• THE DATA:
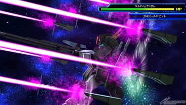 全身にマウントされた「GNシールドビット」は遠隔操作による防御だけでなく、内蔵されたビームガンによる攻撃でその真価を発揮する!
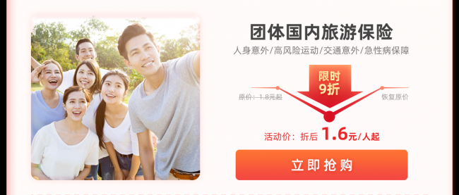 为了让大家有一个开心愉悦的旅途,平安好生活保险商城将推出暑期特惠、“平安”一夏活动,在此期间购买团体国内旅游险能够享受到更多的福利。平安团体国内旅游险活动时间从8.5~8.25分三期进行,个人保费低至1.6元起,连一瓶矿泉水的价格都没有,花极少的钱就能买到极大的”心安“,拒绝囧途的发生。
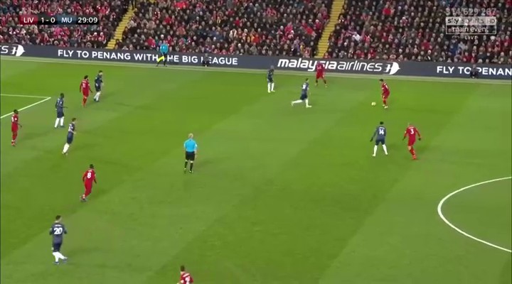 正如我们前面所提到的一样,曼联从一开始就没能有效的限制利物浦对中路核心区域的利用,终于在第24分钟,利物浦找到了方法,法比尼奥挑传给前插到禁区内的马内,马内胸停后直接扫射破门,没有任何干扰。毫无疑问这是一个完美的射门,但是曼联在防区内挤了5名防守球员,并没有起到作用。正如我们提到的,曼联防守始终有防守的人数优势,虽然人很多,但他们防守的效果太差了,在给马内助攻前,法比尼奥有充足的接球空间,他用最舒服的方式控制球,然后几乎是瞄准了给马内一次精彩的助攻。
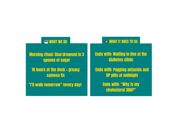 *"This isn't fearmongering - it's a wake-up call. If you're done normalizing burnout and *butter chicken* as 'culture,' hit share. Let's heal, not just exist."*
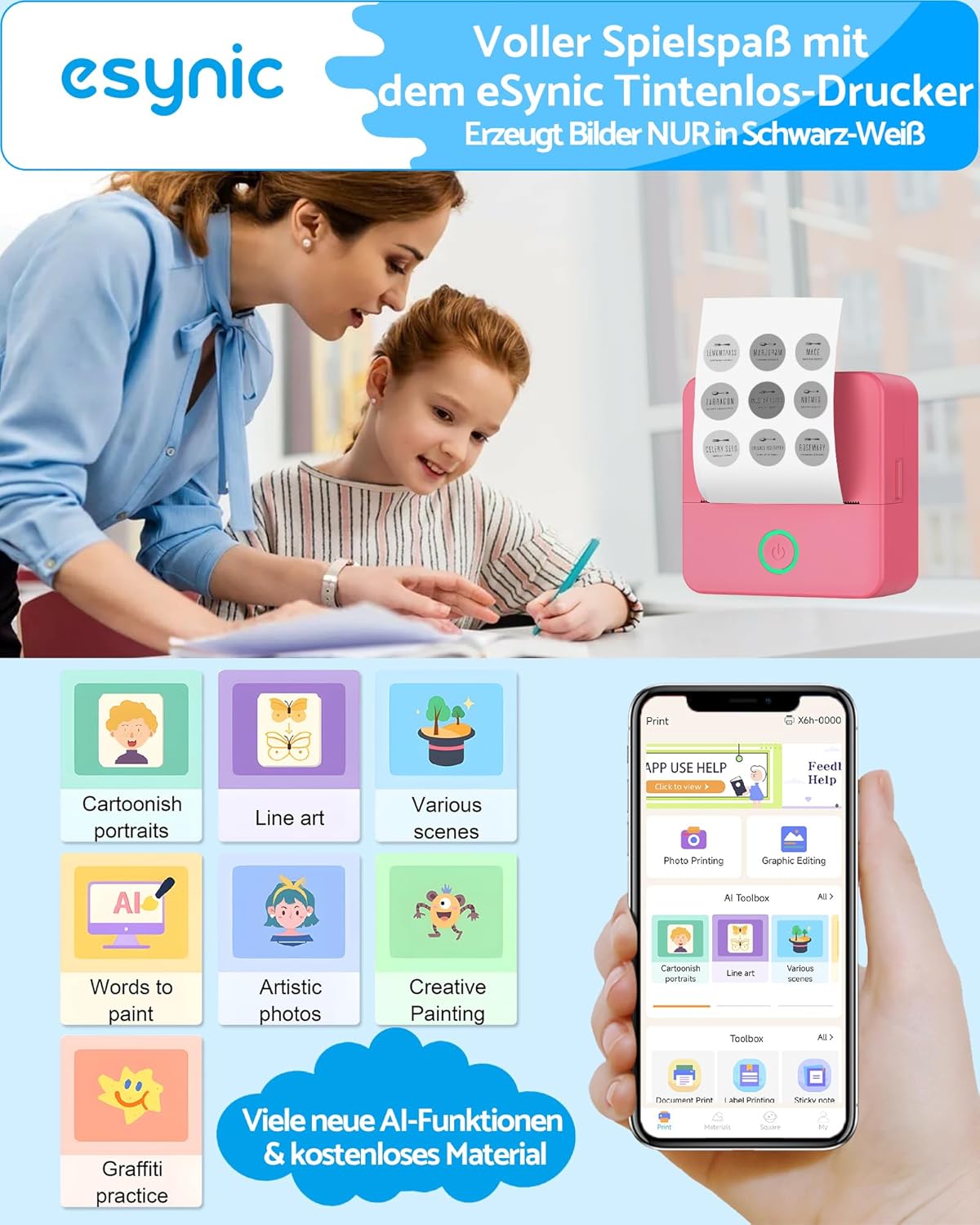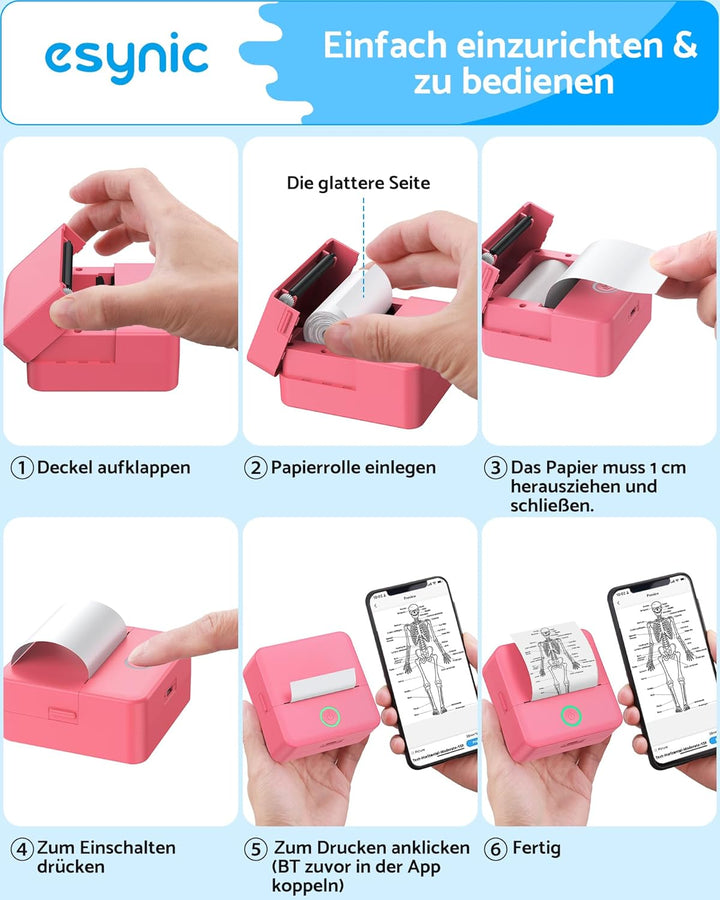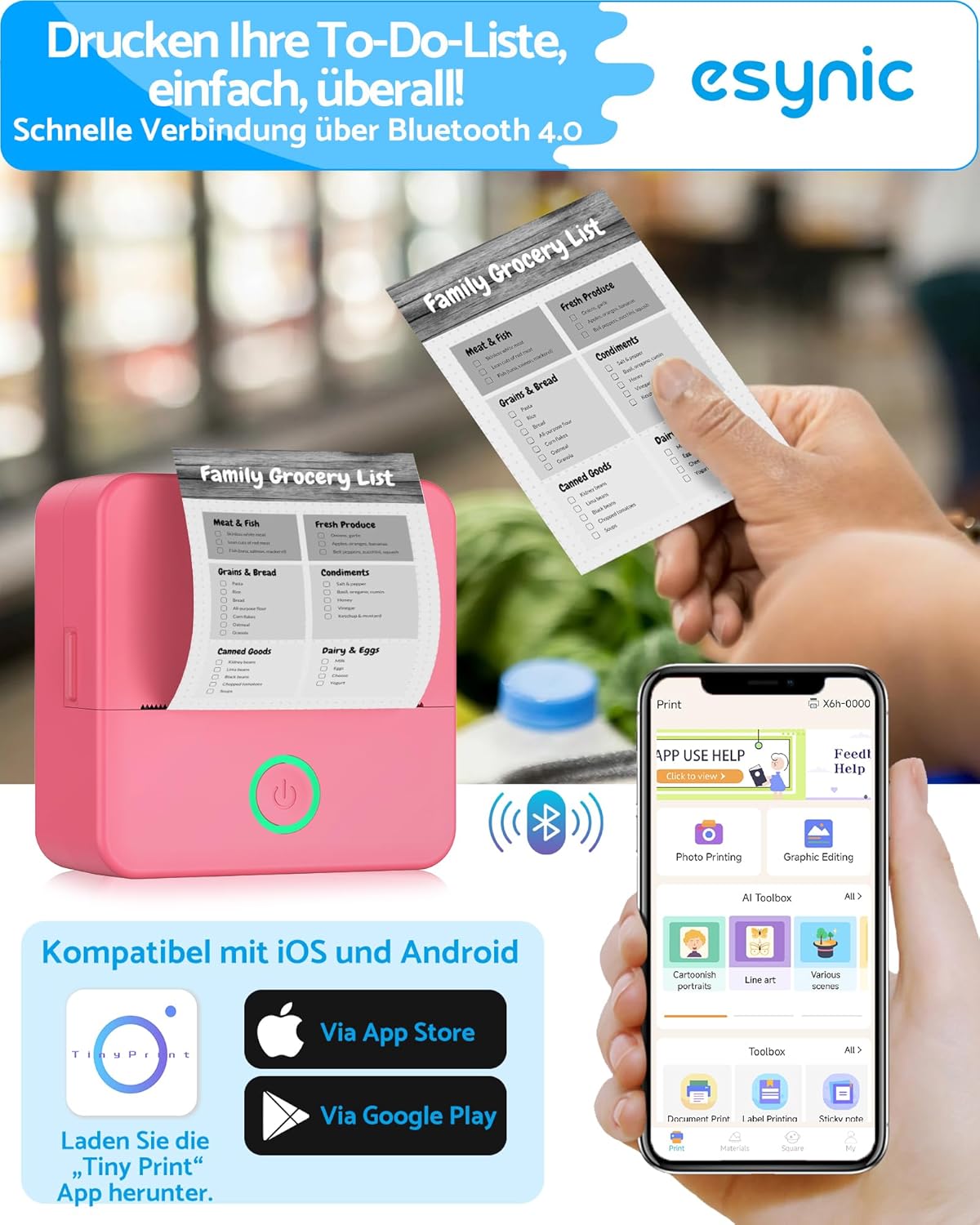 - Effizient und Tragbar – Mini Drucker im kompakten Design (85×85×45mm), ideal für den mobilen Einsatz. Perfekt zum Drucken von Notizen, Etiketten, Handbüchern, Webseiten und mehr.
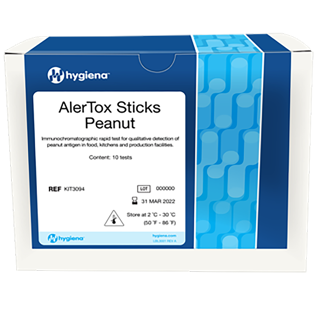 AlerTox Sticks Peanut es una prueba inmunocromatográfica rápida y fácil de usar para la detección cualitativa del antígeno de cacahuete presente en alimentos, superficies y agua de enjuague. El límite de detección es de 1 ppm en cacahuetes crudos y tostados.
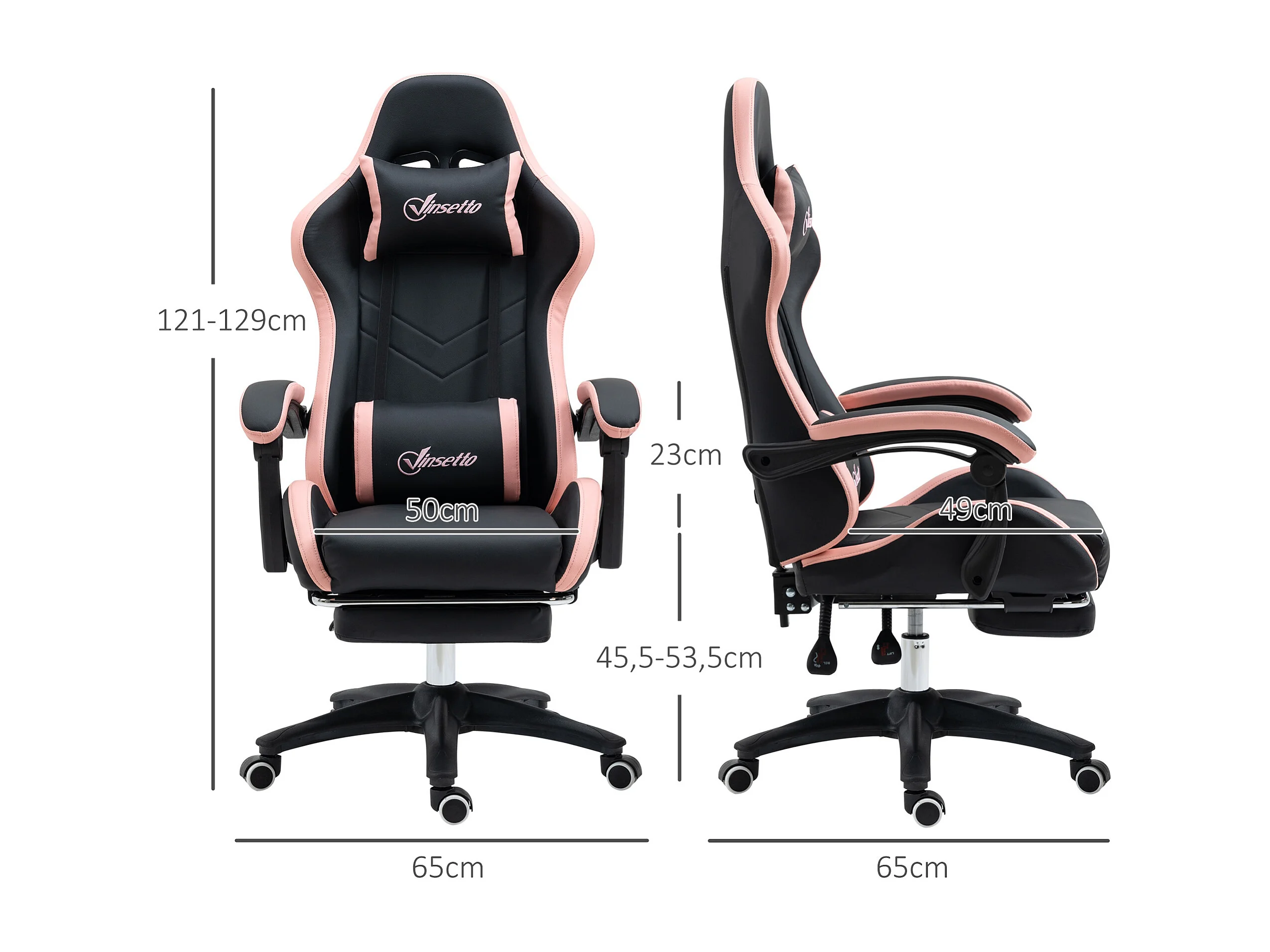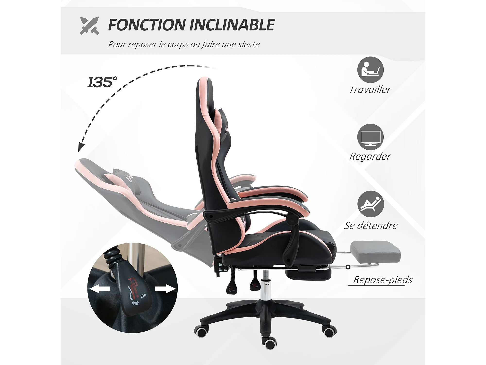 Chaise gaming - chaise de bureau gamer inclinable réglable repose-pieds rétractable coussins synthétique noir rose
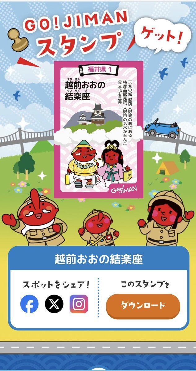 越前大野城を見るのも11年ぶりでしたが、時間がなく今回は登城せず。 城下の越前おおの結楽座で城カードと御城印のみ購入😄ごじまんスポットも発見! #続日本100名城 #城カード #御城印 #越前大野城 #お国じまんデジタルラリー2025 #GOJIMANスタンプ pic.x.com/fd6l7uxyh7
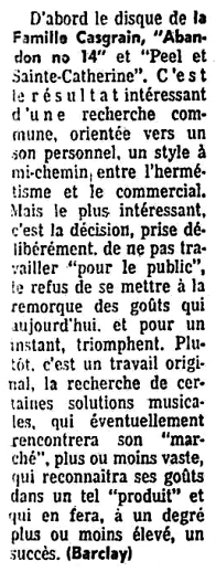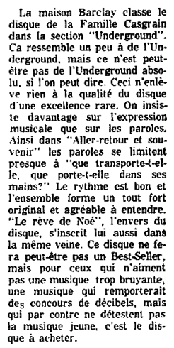 La Famille Casgrain (le nom n’a aucune signification particulière) est formé au printemps de 1969 autour du chanteur Pierre Voyer et du guitariste Jean-Guy Durocher. Viennent se joindre au début le claviériste Michel Hinton et le guitariste Michel Rivard, en plus du batteur Louis Parizeau (ex-Sinners). Ce dernier devient producteur du groupe et est remplacé par Guy Berthiaume. Peu après, Michel Rivard quitte le groupe et est remplacé par Pierre Bertrand. La Famille Casgrain enregistre á l’automne 1969 un premier 45 tours chez Barclay comprenant deux chansons de Pierre Voyer et Jean-Guy Durocher qui ont également composé les deux chansons du deuxième 45 tours paru en juillet 1970. Voyer et Durocher quittent le groupe. Hinton, Bertrand et Berthiaume continuent pendant un court laps de temps.
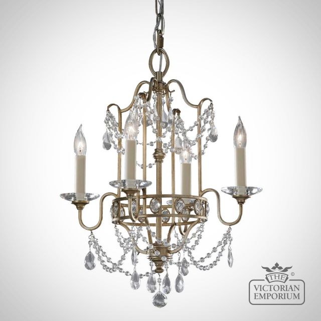 With influence from elegant Italian interiors of the 1900's, the Gianne 4 light chandelier features delicate crystals with a hand painted Gilded Silver finish.
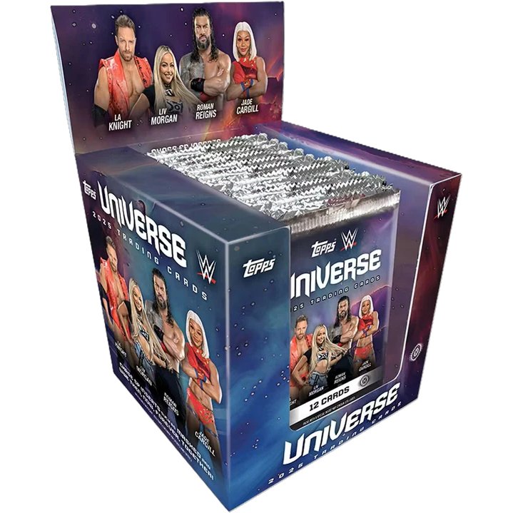 Unleash cosmic collecting with 2025 Topps Universe WWE Hobby! Each box delivers 2 autographs and 1 relic, vibrant color parallels, and ultra-rare case hit inserts. Dive into a 300-card checklist starring legends, current icons, and top prospects in this Hobby-exclusive debut—perfect for WWE rookie and superstar collectors!
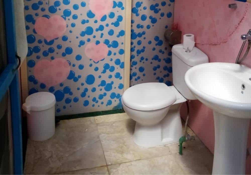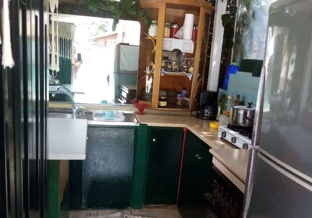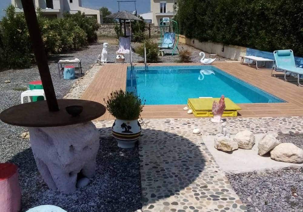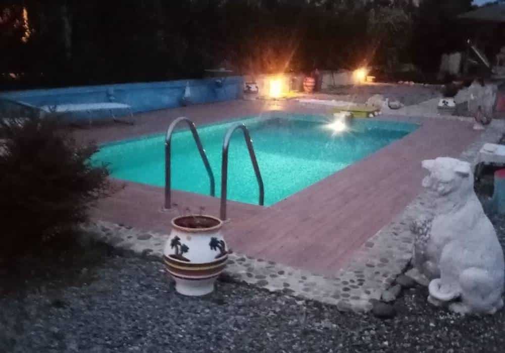 The area is surrounded by a fence and has trees and bushes, a swimming pool, a bathroom, a kitchen, a solar heater, a barbecue, and free WiFi.
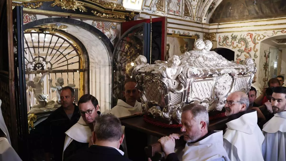 On Monday morning, the casket of the saint who died in 1582 was resealed and carried through the town streets, with pilgrims following the procession. It is unclear how many years — or decades — will pass before the church once again makes St. Teresa's remains visible to the public.
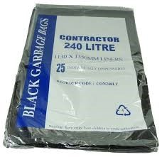 GARBAGE BAG CONTRACTOR BLACK 240L 100/CTN

• TASK INSTRUCTIONS:
In the listing above, find the line with "Chaise gaming - chaise" and the line with "La Famille Casgrain (le". Copy both of them and every line between, exactly, but not the pictures.

• RESULT FOR THIS TASK:
 Chaise gaming - chaise de bureau gamer inclinable réglable repose-pieds rétractable coussins synthétique noir rose
 越前大野城を見るのも11年ぶりでしたが、時間がなく今回は登城せず。 城下の越前おおの結楽座で城カードと御城印のみ購入😄ごじまんスポットも発見! #続日本100名城 #城カード #御城印 #越前大野城 #お国じまんデジタルラリー2025 #GOJIMANスタンプ pic.x.com/fd6l7uxyh7
 La Famille Casgrain (le nom n’a aucune signification particulière) est formé au printemps de 1969 autour du chanteur Pierre Voyer et du guitariste Jean-Guy Durocher. Viennent se joindre au début le claviériste Michel Hinton et le guitariste Michel Rivard, en plus du batteur Louis Parizeau (ex-Sinners). Ce dernier devient producteur du groupe et est remplacé par Guy Berthiaume. Peu après, Michel Rivard quitte le groupe et est remplacé par Pierre Bertrand. La Famille Casgrain enregistre á l’automne 1969 un premier 45 tours chez Barclay comprenant deux chansons de Pierre Voyer et Jean-Guy Durocher qui ont également composé les deux chansons du deuxième 45 tours paru en juillet 1970. Voyer et Durocher quittent le groupe. Hinton, Bertrand et Berthiaume continuent pendant un court laps de temps.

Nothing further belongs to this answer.